ROC curves evaluation for accurate and incomplete annotation. ROC curves for eight selected methods using simulation study ${\text{High}}_{\text{100x}}^{\text{Diff}}$ with complete annotation (left panel) and incomplete annotation (right panel). Isoform resolution model methods, such as Cufflinks, are more robust to incomplete annotation compared with count-based models methods.

Figure 4

ROC curves evaluations for three splicing classes. ROC curves of eight selected methods based on 1755 genes containing single splicing event from simulation study ${\text{High}}_{\text{100x}}^{\text{Diff}}$. These 1755 genes were further divided into three splicing event classes: 803 genes with alt. donor/acceptor sites (left panel), 850 genes with intron retention (middle panel), 102 genes with exon skipping (right panel).

Figure 5

Venn digram of heat shock data set. Overlap among the set of DS genes found by 5 methods. SplicingCompass is not included because it almost shares nothing with other methods based on Table 3.

Figure 6

Heat Map for correlation of the gene ranking scores obtained by the different methods for heat shock data set. The correlations are generally low for any two methods, indicating the methods are very different.
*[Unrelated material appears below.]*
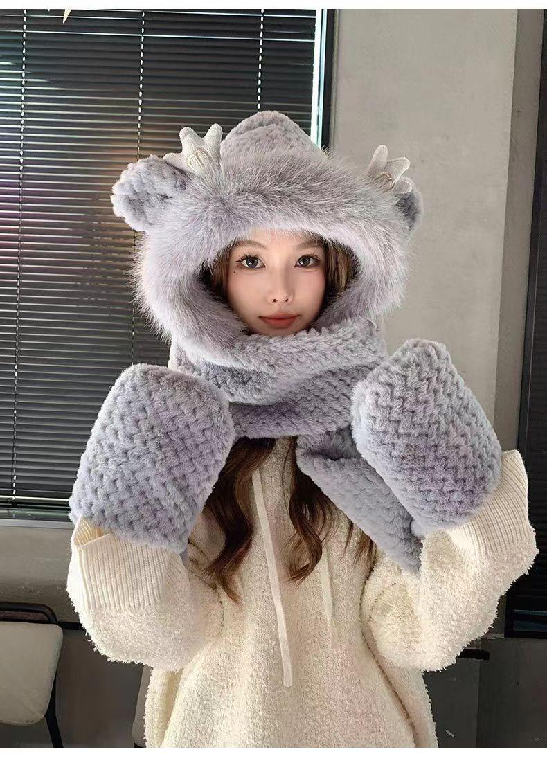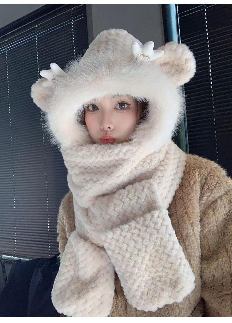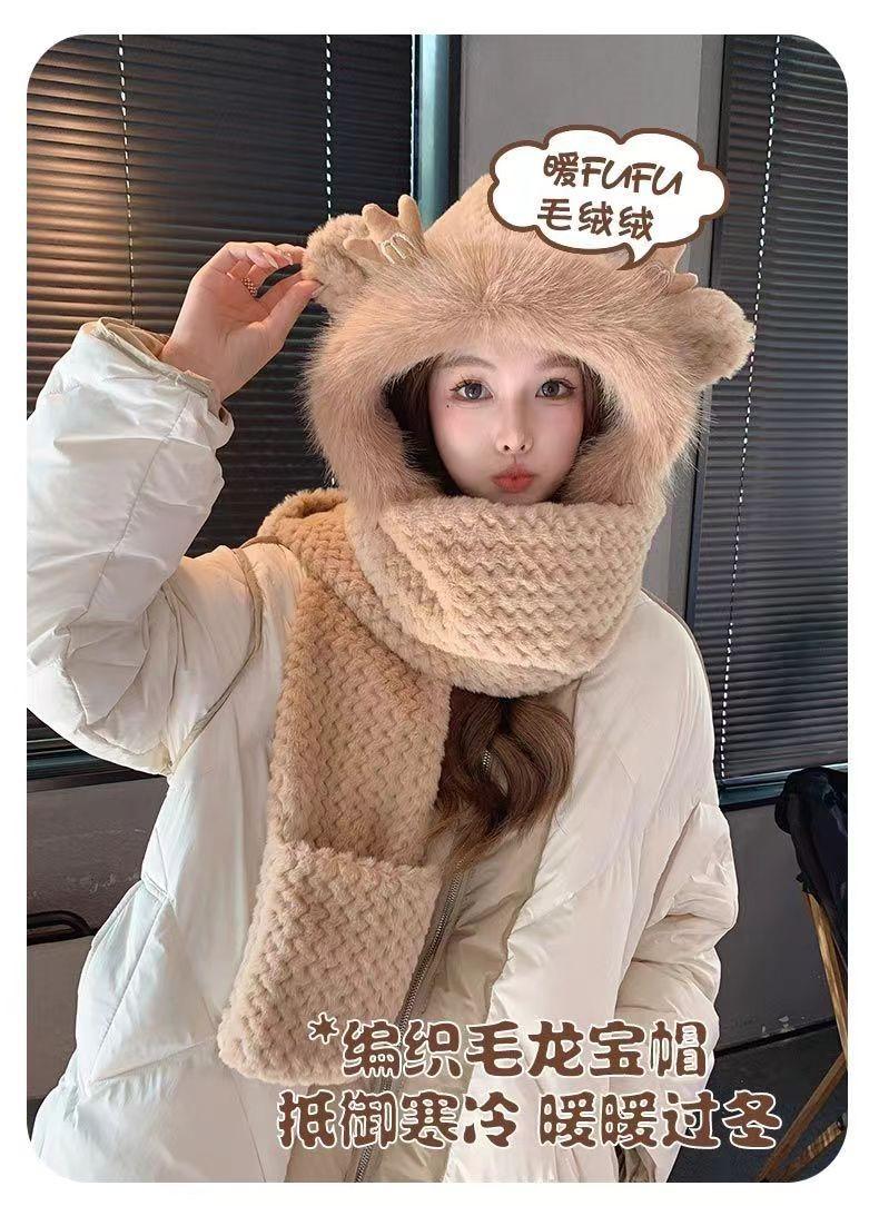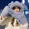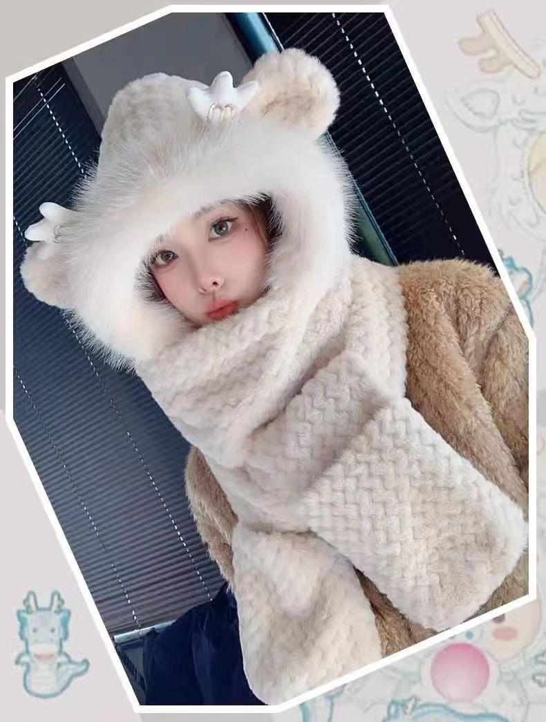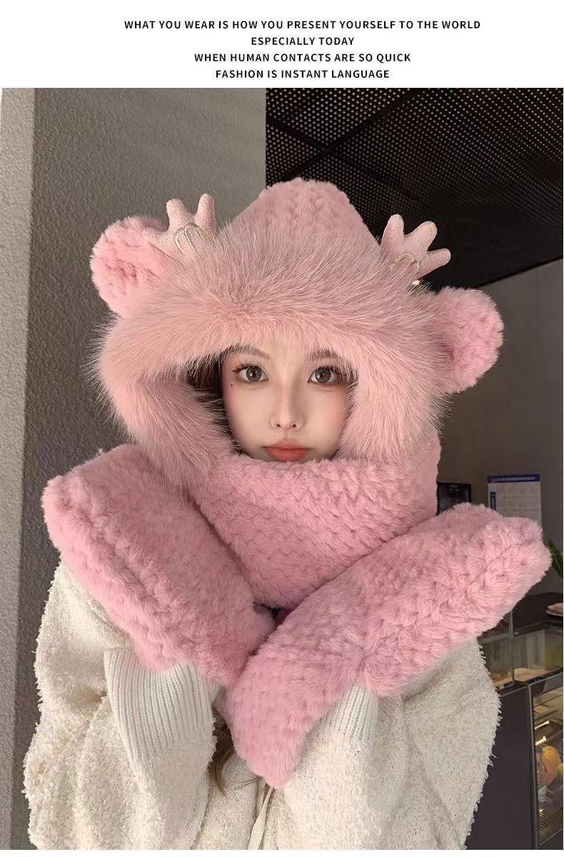Gorro de Invierno Bufanda y Guantes para Niños Conjunto de Tres Piezas de Una Pieza Gorro Esponjoso Lindo Longbao Bufanda Gruesa Cálido para Montar

Two methods both using NB statistics (DSGseq and SeqGSEA) achieve the highest Spearman rank correlation of 0.52.

Figure 7

SR45a. Heat-induced differential splicing of Arabidopsis gene SR45a (AT1G07350) encoding an RNA-binding protein involved in splicing. Tracks labeled Hot and Cool contain exon-exon junction features inferred from spliced read alignments from heat-treated (hot) and control samples (cool). Junctions with fewer than five supporting reads are not shown. Two annotated gene models for SR45a are shown in the track labeled TAIR 10 mRNA. Taller blocks indicate translated regions of the gene model. Note that inclusion of an internal exon introduces a premature stop codon that interrupts translation and the exon-skipped form likely encodes the full-length protein. The gene is on the minus strand of chr1 and so transcription proceeds from right to left.